▸ **Required action**: Would you please retype, exactly, the lines of the listing below between the line with "工程為8萬(wàn)噸處理規" and the line with "وتابع حديثه: الأغنية", inclusive?

▸ **Material for this task**:
===

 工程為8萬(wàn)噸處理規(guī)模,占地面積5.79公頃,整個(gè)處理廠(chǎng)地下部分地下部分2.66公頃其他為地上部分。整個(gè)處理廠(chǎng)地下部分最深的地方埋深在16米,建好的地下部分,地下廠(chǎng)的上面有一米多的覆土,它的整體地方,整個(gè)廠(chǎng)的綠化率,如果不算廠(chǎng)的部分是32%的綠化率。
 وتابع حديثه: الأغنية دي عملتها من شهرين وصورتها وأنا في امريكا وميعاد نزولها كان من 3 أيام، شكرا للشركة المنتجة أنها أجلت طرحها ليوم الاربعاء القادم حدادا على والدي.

===

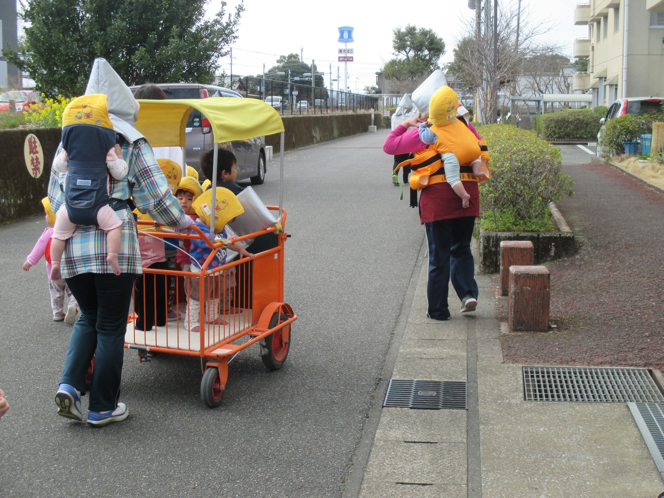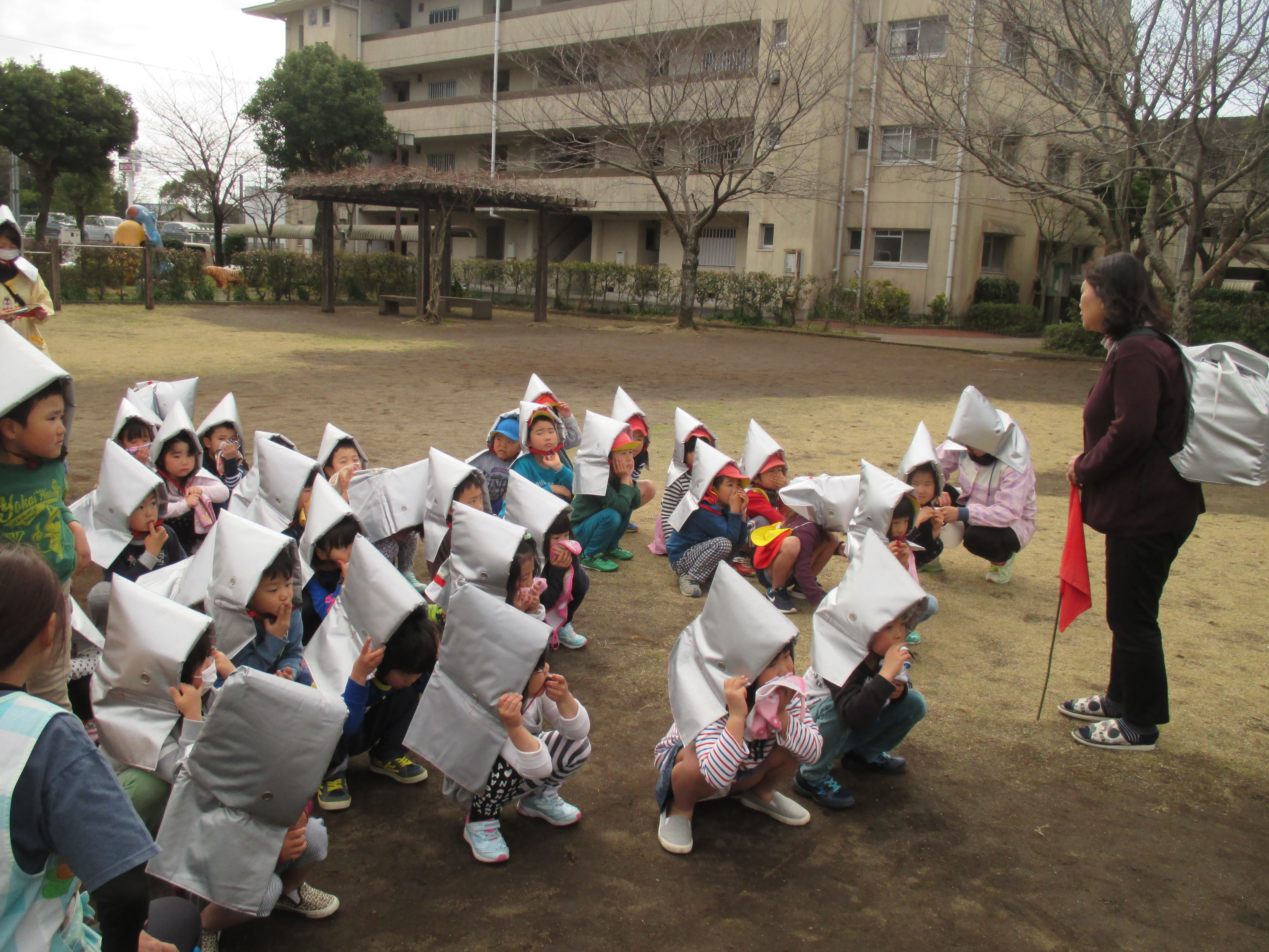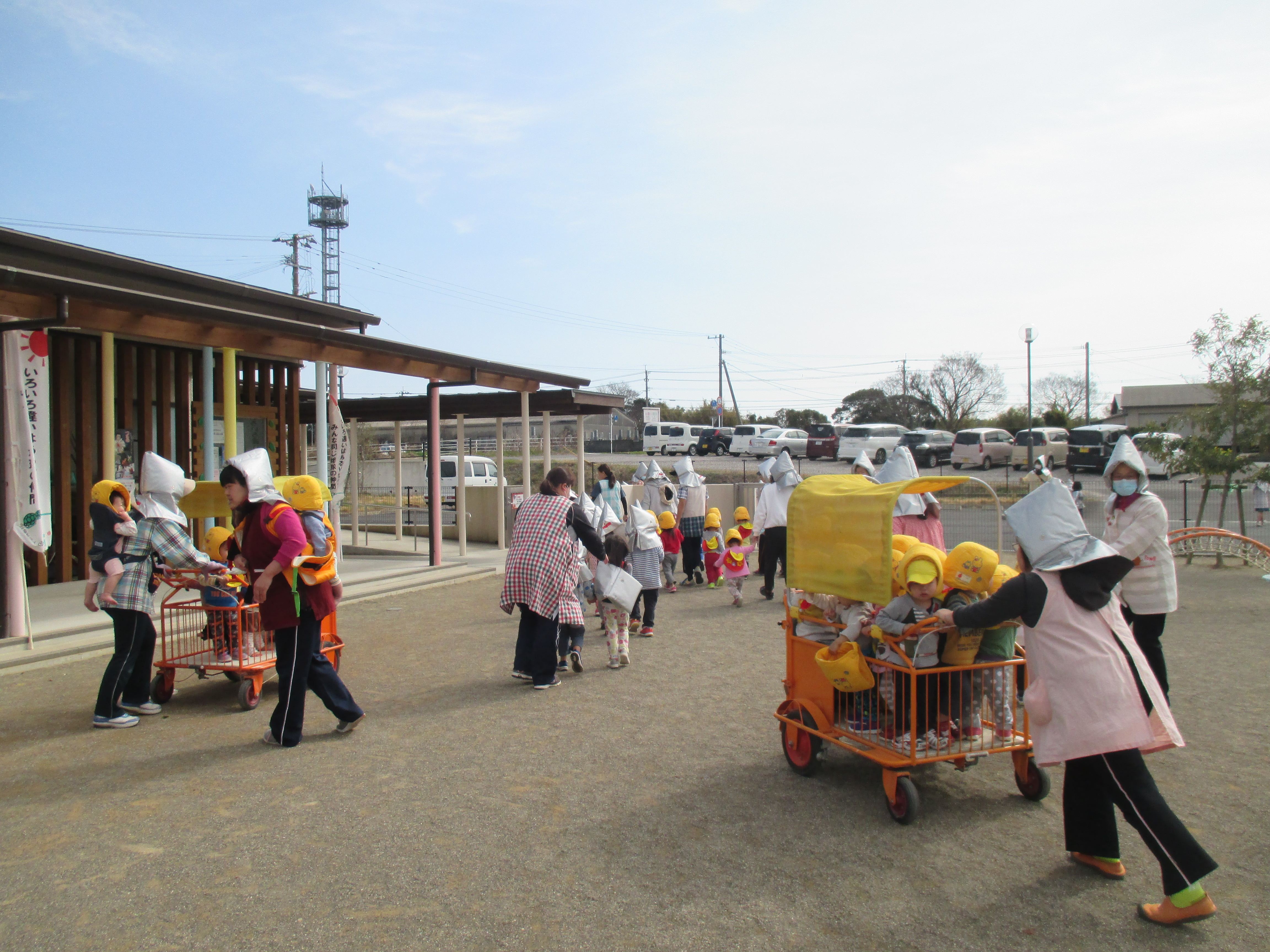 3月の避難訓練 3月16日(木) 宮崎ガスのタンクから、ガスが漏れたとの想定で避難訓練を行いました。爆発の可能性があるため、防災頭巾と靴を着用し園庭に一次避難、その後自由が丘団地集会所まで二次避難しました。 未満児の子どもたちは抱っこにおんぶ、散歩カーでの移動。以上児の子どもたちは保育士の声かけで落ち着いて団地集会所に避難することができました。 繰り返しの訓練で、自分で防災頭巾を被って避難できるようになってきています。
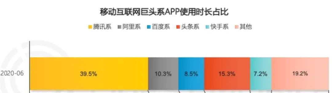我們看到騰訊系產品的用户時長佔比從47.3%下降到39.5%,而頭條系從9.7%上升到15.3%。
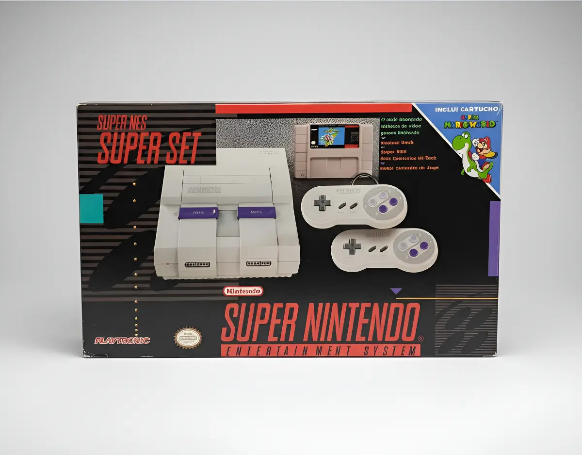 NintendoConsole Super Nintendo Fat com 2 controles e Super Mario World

===

▸ **The completed task**:
 工程為8萬(wàn)噸處理規(guī)模,占地面積5.79公頃,整個(gè)處理廠(chǎng)地下部分地下部分2.66公頃其他為地上部分。整個(gè)處理廠(chǎng)地下部分最深的地方埋深在16米,建好的地下部分,地下廠(chǎng)的上面有一米多的覆土,它的整體地方,整個(gè)廠(chǎng)的綠化率,如果不算廠(chǎng)的部分是32%的綠化率。
 وتابع حديثه: الأغنية دي عملتها من شهرين وصورتها وأنا في امريكا وميعاد نزولها كان من 3 أيام، شكرا للشركة المنتجة أنها أجلت طرحها ليوم الاربعاء القادم حدادا على والدي.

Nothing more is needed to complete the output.